Task statement>
Keep to one stretch of the data below, the lines from the one with "駅前広場（JR手稲駅北口）" up to and including the one with "Wohnhaus mit Dachterrasse", and return that stretch exactly.

Dataset content>

┌──

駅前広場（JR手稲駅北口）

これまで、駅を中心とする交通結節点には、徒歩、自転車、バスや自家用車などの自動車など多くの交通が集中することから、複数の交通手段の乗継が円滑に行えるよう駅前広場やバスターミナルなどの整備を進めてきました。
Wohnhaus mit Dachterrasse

└──
┌──

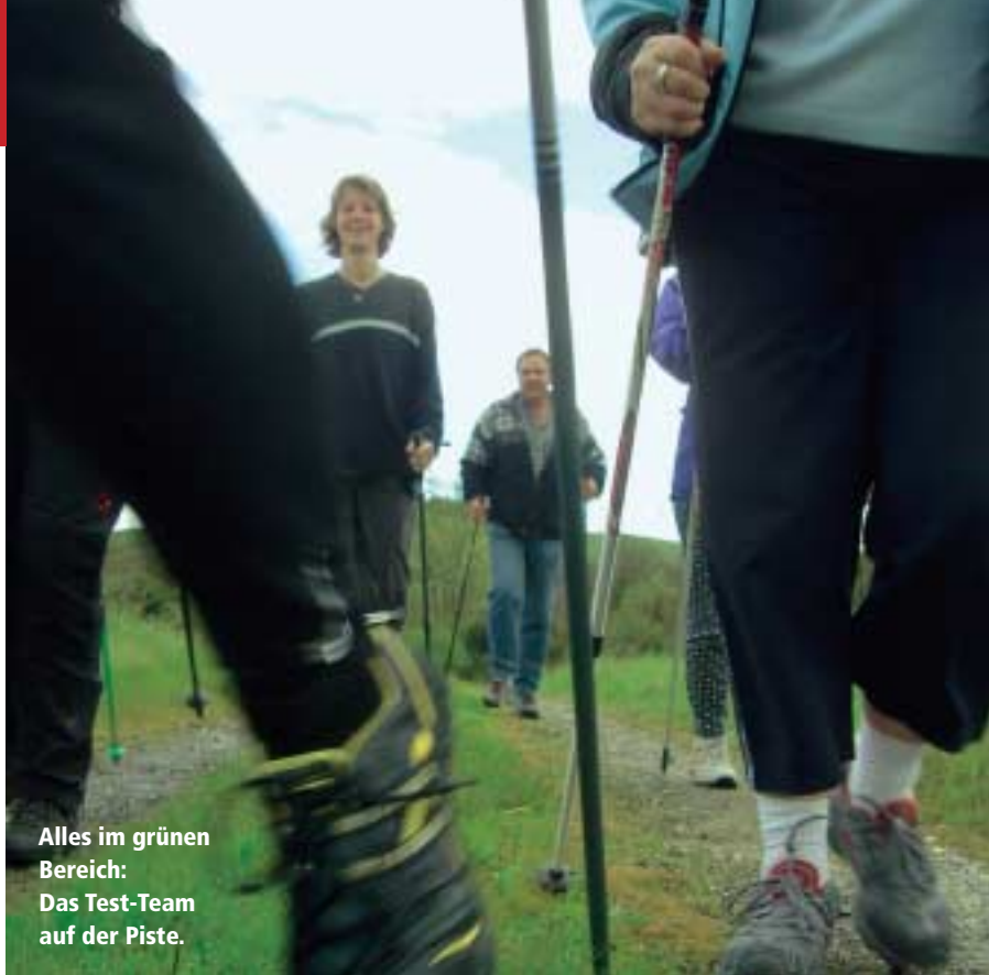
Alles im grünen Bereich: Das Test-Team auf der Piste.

└──

Result for this task>
駅前広場（JR手稲駅北口）

これまで、駅を中心とする交通結節点には、徒歩、自転車、バスや自家用車などの自動車など多くの交通が集中することから、複数の交通手段の乗継が円滑に行えるよう駅前広場やバスターミナルなどの整備を進めてきました。
Wohnhaus mit Dachterrasse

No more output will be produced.